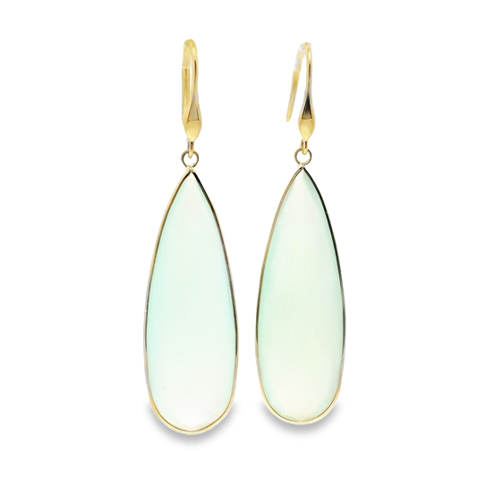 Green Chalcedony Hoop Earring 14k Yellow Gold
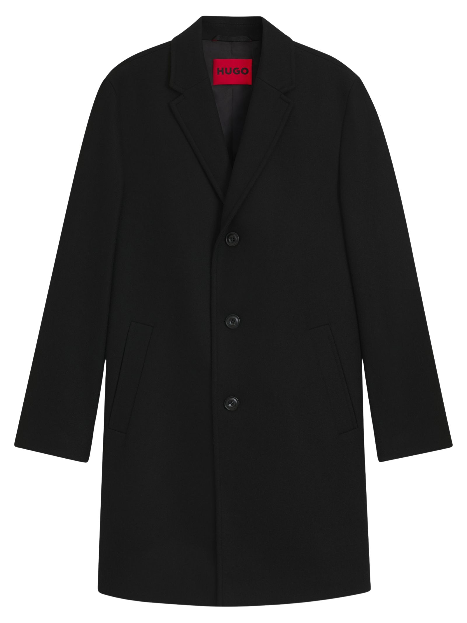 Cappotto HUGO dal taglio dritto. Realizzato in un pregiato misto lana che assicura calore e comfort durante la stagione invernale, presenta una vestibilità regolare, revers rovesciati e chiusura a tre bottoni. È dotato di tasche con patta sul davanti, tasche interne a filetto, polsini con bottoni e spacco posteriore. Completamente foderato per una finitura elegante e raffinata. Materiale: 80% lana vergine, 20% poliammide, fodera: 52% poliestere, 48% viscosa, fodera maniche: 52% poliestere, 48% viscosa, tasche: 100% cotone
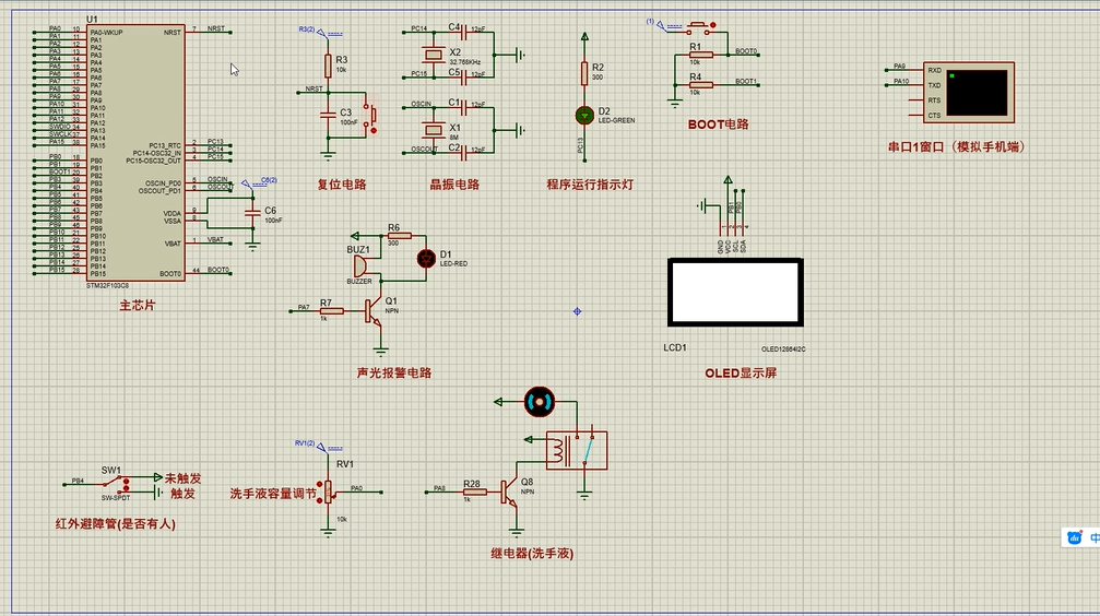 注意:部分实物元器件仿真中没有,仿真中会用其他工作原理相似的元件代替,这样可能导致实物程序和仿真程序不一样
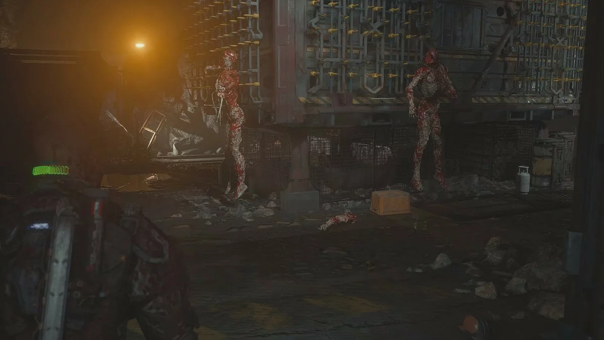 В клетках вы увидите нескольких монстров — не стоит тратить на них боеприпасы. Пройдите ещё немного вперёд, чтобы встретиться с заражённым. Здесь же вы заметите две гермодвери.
--
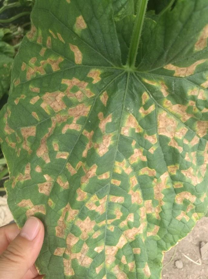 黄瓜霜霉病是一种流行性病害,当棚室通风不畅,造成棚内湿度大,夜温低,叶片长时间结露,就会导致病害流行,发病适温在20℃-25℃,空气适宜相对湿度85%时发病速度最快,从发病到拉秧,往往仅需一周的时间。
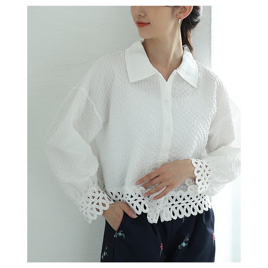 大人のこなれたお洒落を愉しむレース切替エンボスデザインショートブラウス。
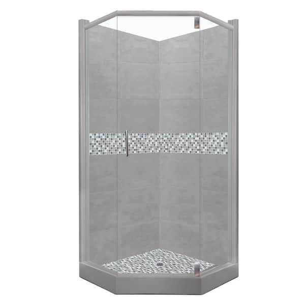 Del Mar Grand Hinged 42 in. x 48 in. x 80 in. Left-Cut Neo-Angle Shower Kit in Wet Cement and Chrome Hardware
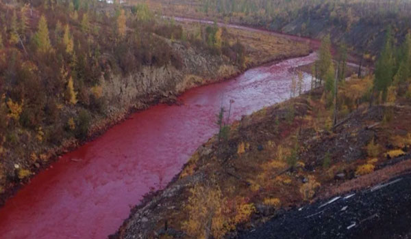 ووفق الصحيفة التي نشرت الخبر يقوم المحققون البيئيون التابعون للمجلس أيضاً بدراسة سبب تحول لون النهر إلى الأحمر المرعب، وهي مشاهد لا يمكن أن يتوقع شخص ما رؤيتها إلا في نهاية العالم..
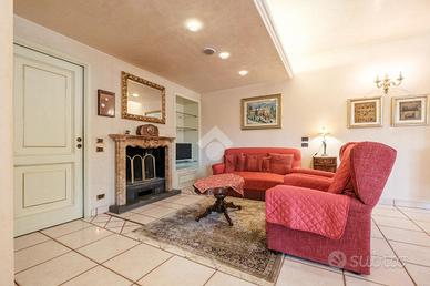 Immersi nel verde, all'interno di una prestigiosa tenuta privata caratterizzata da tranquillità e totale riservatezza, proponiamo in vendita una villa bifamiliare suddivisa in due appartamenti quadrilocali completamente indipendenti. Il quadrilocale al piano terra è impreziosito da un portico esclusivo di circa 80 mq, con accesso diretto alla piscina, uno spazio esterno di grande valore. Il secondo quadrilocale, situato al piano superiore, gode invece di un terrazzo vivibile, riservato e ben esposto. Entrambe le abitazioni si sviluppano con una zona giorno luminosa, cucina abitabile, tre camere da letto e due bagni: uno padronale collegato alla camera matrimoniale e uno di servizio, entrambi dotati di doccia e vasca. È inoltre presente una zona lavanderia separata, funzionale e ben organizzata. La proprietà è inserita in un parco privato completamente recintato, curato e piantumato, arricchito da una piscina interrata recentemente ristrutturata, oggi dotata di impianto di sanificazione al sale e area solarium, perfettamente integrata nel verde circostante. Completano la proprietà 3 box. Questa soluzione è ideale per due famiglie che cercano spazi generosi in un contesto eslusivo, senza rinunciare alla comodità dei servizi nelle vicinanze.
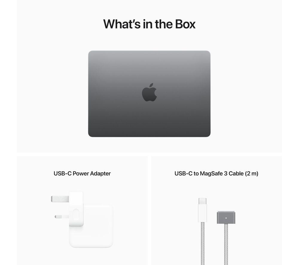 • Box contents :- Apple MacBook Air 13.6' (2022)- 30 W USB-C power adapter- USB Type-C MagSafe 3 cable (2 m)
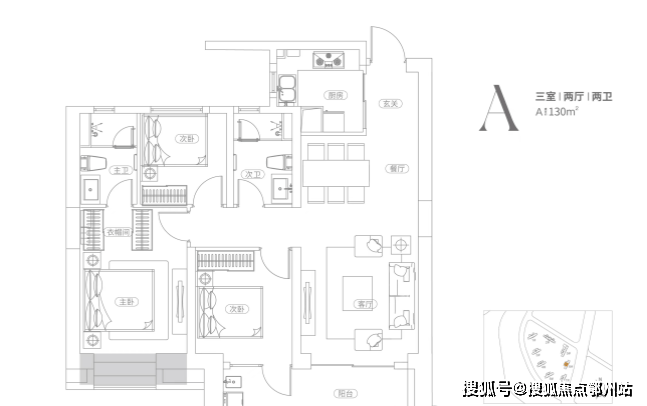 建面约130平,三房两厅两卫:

Exercise prompt:
Set the pictures aside and transcribe exactly the stretch of lines above, beginning with the one holding "黄瓜霜霉病是一种流行性病害,当棚室通风不" and ending with the one holding "ووفق الصحيفة التي".

Exercise output:
 黄瓜霜霉病是一种流行性病害,当棚室通风不畅,造成棚内湿度大,夜温低,叶片长时间结露,就会导致病害流行,发病适温在20℃-25℃,空气适宜相对湿度85%时发病速度最快,从发病到拉秧,往往仅需一周的时间。
 大人のこなれたお洒落を愉しむレース切替エンボスデザインショートブラウス。
 Del Mar Grand Hinged 42 in. x 48 in. x 80 in. Left-Cut Neo-Angle Shower Kit in Wet Cement and Chrome Hardware
 ووفق الصحيفة التي نشرت الخبر يقوم المحققون البيئيون التابعون للمجلس أيضاً بدراسة سبب تحول لون النهر إلى الأحمر المرعب، وهي مشاهد لا يمكن أن يتوقع شخص ما رؤيتها إلا في نهاية العالم..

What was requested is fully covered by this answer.